Received: February 11, 2021; Accepted: March 22, 2021; Published: March 29, 2021

Abstract

Hemophagocytic Lymphohistiocytosis (HLH), which is a severe, potentially fatal condition characterized by T lymphocyte overactivation, is predominantly caused by infections, hematological malignancies, and autoimmune conditions. HLH due to therapy with Immune Checkpoint Inhibitors (ICI) has rarely been reported. We describe a 60-year-old male with metastatic melanoma who developed HLH after the initiation of nivolumab plus ipilimumab treatment. Prompt diagnosis and high-dose mono-prednisolone therapy resulted in rapid resolution of his subjective symptoms and laboratory findings. Apart from this case presentation we provide a brief overview on clinical characteristics of previously observed ICI-induced HLH cases. Given the increasing use of ICI in a variety of cancers, the frequency of HLH will very likely raise. HLH morbidity and mortality are often the result of delayed diagnosis and inappropriate treatment. Hence, HLH must be considered in ICI-treated cancer patients who present with symptoms such as fever, cytopenias and hyperferritinemia.

Keywords: Hemophagocytic lymphohistiocytosis; Metastatic melanoma; Immune checkpoint inhibitors

Introduction

The therapy paradigms and outcomes of patients with cancer have dramatically changed since the introduction of immunotherapy with Immune Checkpoint Inhibitors (ICI), including cytotoxic T lymphocyte antigen-4 (CTLA-4) and programmed cell death protein (PD-1) and its ligand (PD-L1) antibodies. However, these agents can trigger immune-related Adverse Events (irAEs), which may be due to hyperactivation of T lymphocytes against self-antigens. Unlike the frequently described organ systems affected by irAEs, such as skin, gut, lungs, and endocrine system, hematologic toxicities have been poorly reported, probably due to their uncommon nature and lack of correct detection. One of these rare hematologic complications of ICI represents Hemophagocytic Lymphohistiocytosis (HLH), which is a severe, potentially fatal condition characterized by T lymphocyte overactivation that is measurable, for example, by soluble Interleukin-2 Receptor (IL-2R) determination in blood [1,2]. Primary or hereditary HLH (e.g., A91V mutation in PRF1) must be differentiated from secondary HLH, which is predominantly caused by infections, malignancies, and autoimmune conditions, frequently in the context of underlying immunodeficiency or immunosuppression.
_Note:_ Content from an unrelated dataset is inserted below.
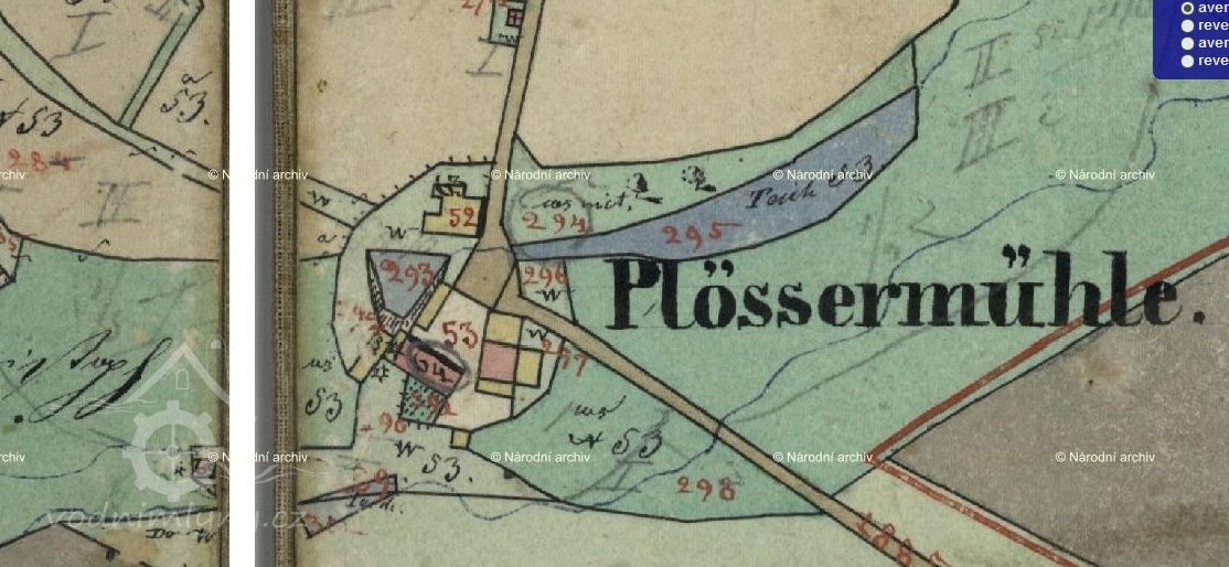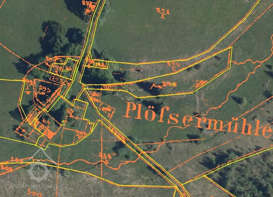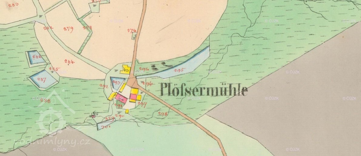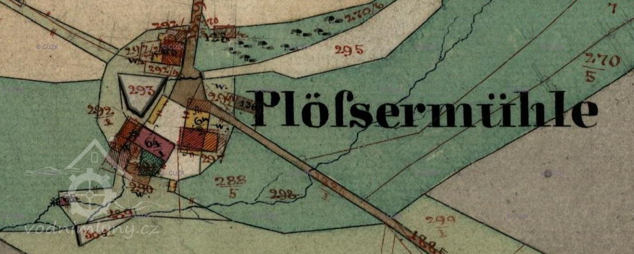 Veský, Plešský mlýn; Dorfmühle, Plössermühle

HLH is usually characterized by recurrent high fever, splenomegaly, pancytopenia, hyperferritinemia, hypertriglyceridemia, hypofibrinogenemia, increased IL-2R, and hemophagocytosis on bone marrow assessment [1-10]. Here we report a patient with metastatic melanoma who developed HLH after initiation of anti-CTLA-4/PD-1 treatment and give a brief tabular overview on previously reported cases.

Case Presentation

We report a 60-year-old man with stage III BRAF-wildtype melanoma, who had received 8 cycles nivolumab (240mg fix dose every other week) in the adjuvant setting. Since he showed disease progress on Computed Tomography (CT), including left axillary, pre-pectoral, and mediastinal lymph node metastases, combined immunotherapy with nivolumab (1mg/kg three weekly) and ipilimumab (3mg/ kg three weekly) was initiated. Nine weeks (three cycles) after the introduction of combi-immunotherapy, the patient was admitted to our skin cancer center with a history of high-spiking fever (>38.5°) and malaise. Blood cultures, procalcitonin, C-reactive protein, and virus serology for herpes simplex, herpes zoster, cytomegaly, HIV, and Epstein-Barr did not reveal evidence for an infection. PCR for SARS-CoV was negative on several test times. Remarkable laboratory findings included: Leukocytes 3670/μl (4600-9500), erythrocytes 3.8 mill/μl (4.6-6.2), thrombocytes 139.000/μl (150.000-400.000), ferritin 12.806ng/ml (30-400), fibrinogen 166mg/dl (200-400), IL-2R 5999 U/l (<710), lactate dehydrogenase 346 U/l (135-225), and up to 3-fold elevated liver transaminases. Antinuclear autoantibodies (ANA, dsDNA, ENA) were within the normal range. A CT-scan showed splenomegaly (14.8cm) and regredient lymph node metastases. Bone marrow biopsy did not show signs of phagocytosis. Hence, the patient met 6 of 8 diagnostic criteria of HLH according to the HLH-2004 guideline. His Hscore was 189 (almost 80% HLH probability). ICI was discontinued, and prednisolone was introduced in a tapered dose regimen (initial dosage 250mg), resulting in a rapid decrease of the patient’s clinical complaints and improvement of laboratory findings. After two weeks the patient has been fully recovered. His following outpatient treatment was performed with orally administered prednisolone tapered down to 20mg/d for two weeks. Regular monitoring of his clinical performance and blood tests were carried out on a weekly basis.

Discussion

The present case clearly fulfilled the diagnostic criteria for secondary HLH [1,2]. Supported by the current literature [1-10], we are convinced that ICI was the cause of HLH in the present case. Of course, we cannot fully exclude that HLH was mainly driven by the underlying malignancy [11-16]. However, malignancy-triggered HLH occurs most frequently in T- and NK-cell lymphoma or leukemia, diffuse large B-cell lymphoma, and Hodgkin’s disease [15]. Solid tumors are rarely associated with HLH with only a 3% prevalence in adults. Whereas causes of secondary HLH, including malignancies, infections, and autoimmune diseases, are due to an underlying condition, ICI-induced HLH has been recognized as a new clinical challenge in cancer management. Notably, HLH was also reported in patients managed with chimeric antigen receptor T-cell therapy, further highlighting the association between T-cell activity modulation and HLH development [11-16].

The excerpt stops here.